_COLLECTED DATA_:
Segment Open
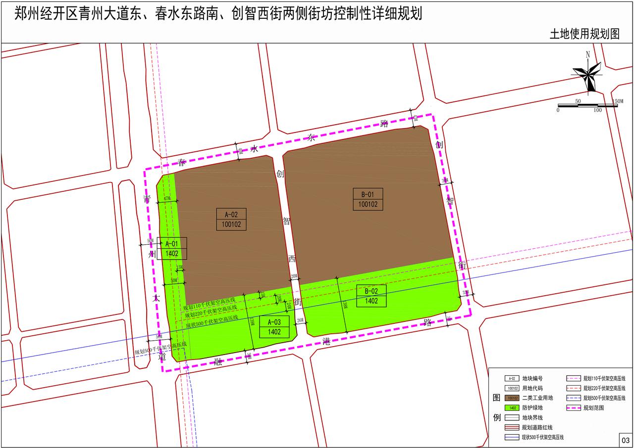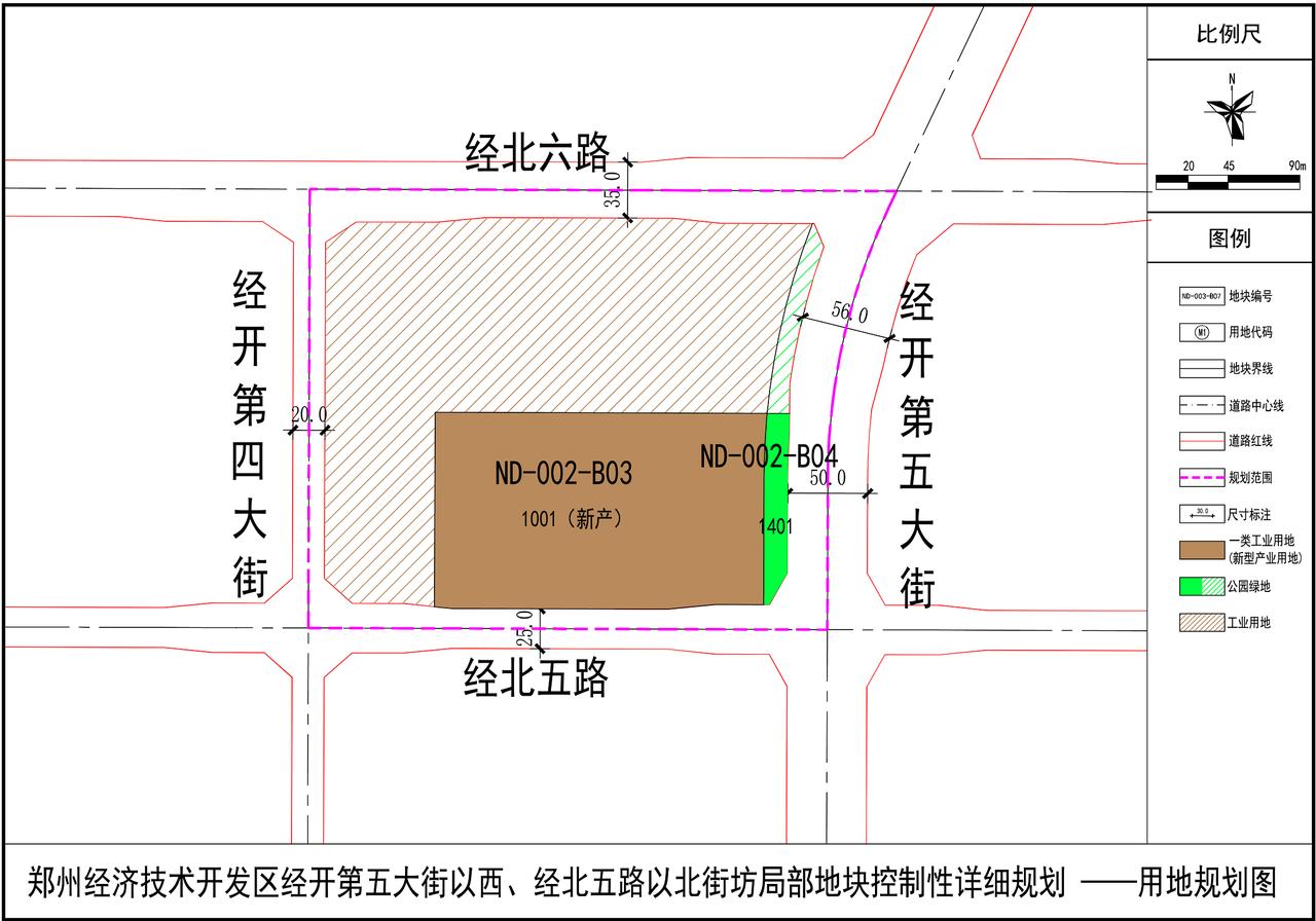 另一块位于拓展区北部,为二类工业用地(100102)、防护绿地(1402),规划范围位于郑州市经济技术开发区扩展片区北部,具体为青州大道、融港路、创智街、春水东路所围合的街坊,由青州大道、融港路、创智街、春水东路所围合围合区域。
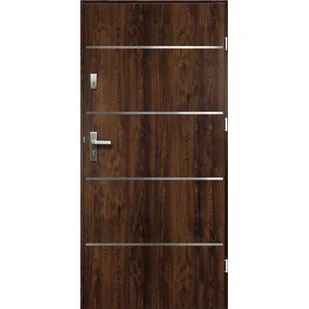 Drzwi zewnętrzne ATENA pełne inox orzech 90 prawe RADEX
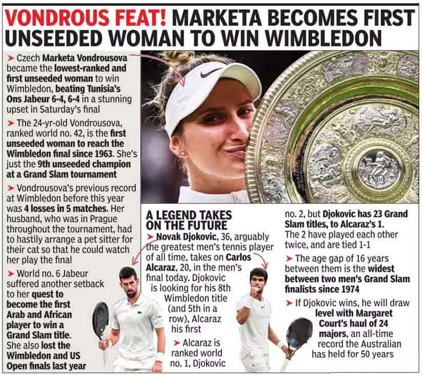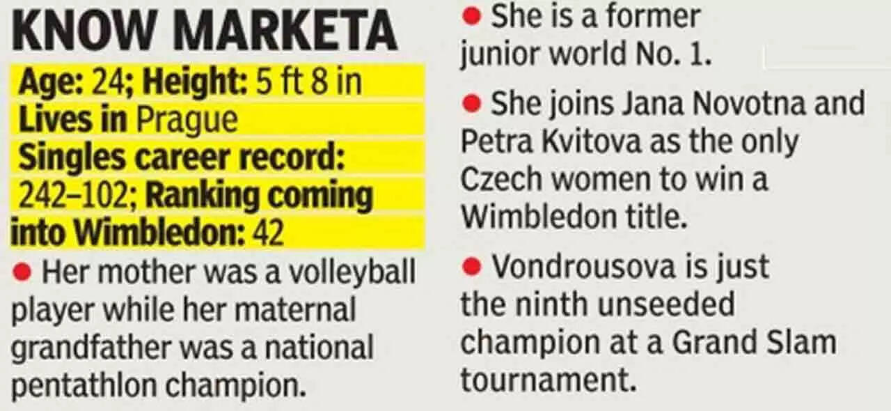 Vondrousova, ranked 42, the first unseeded player to hold aloft the Venus Rosewater Dish, was in London as a tourist 12 months ago. Her left wrist, which had been operated upon twice last year, was in a cast. Unseeded, unheralded and without a sponsor she claimed the Wimbledon title, her first Grand Slam crown.
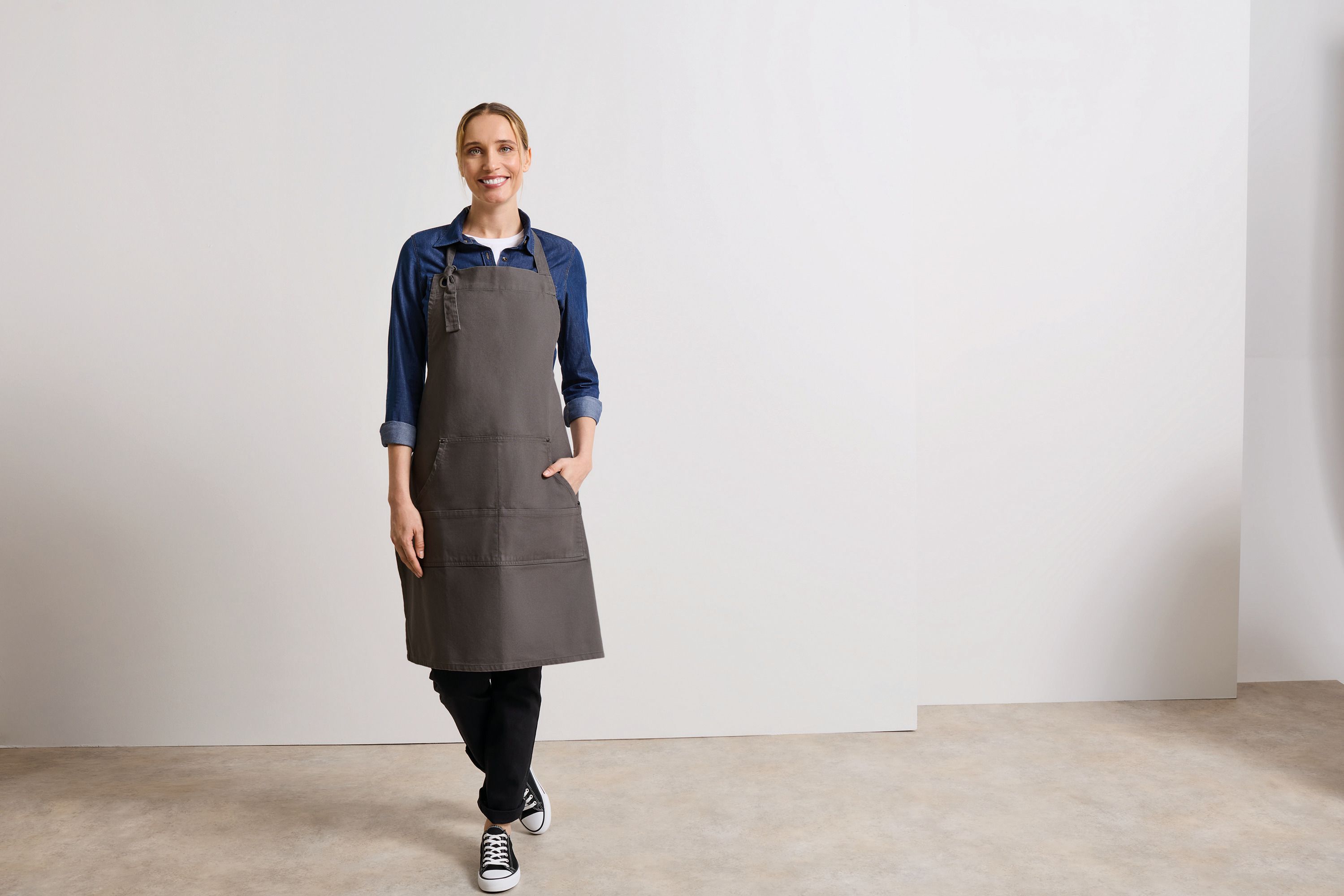 El delantal de algodón es la elección perfecta para aquellos que buscan comodidad y durabilidad en la cocina. Fabricado con 100% algodón, este delantal ofrece una sensación suave y natural, ideal para largas horas de uso. Disponible en una variedad de colores como negro, rojo, gris, verde, beige y azul, se adapta a cualquier estilo y preferencia. Su diseño incluye un bolsillo tipo canguro con cuatro compartimentos, proporcionando un espacio práctico para guardar utensilios y accesorios de cocina.
Segment Closed
_WORK TASK_:
Pictures are to be omitted; otherwise, every line from the first line of the listing through the line containing "Vondrousova, ranked 42, the" must be reproduced exactly, both ends included.

_WRITTEN REPLY_:
 另一块位于拓展区北部,为二类工业用地(100102)、防护绿地(1402),规划范围位于郑州市经济技术开发区扩展片区北部,具体为青州大道、融港路、创智街、春水东路所围合的街坊,由青州大道、融港路、创智街、春水东路所围合围合区域。
 Drzwi zewnętrzne ATENA pełne inox orzech 90 prawe RADEX
 Vondrousova, ranked 42, the first unseeded player to hold aloft the Venus Rosewater Dish, was in London as a tourist 12 months ago. Her left wrist, which had been operated upon twice last year, was in a cast. Unseeded, unheralded and without a sponsor she claimed the Wimbledon title, her first Grand Slam crown.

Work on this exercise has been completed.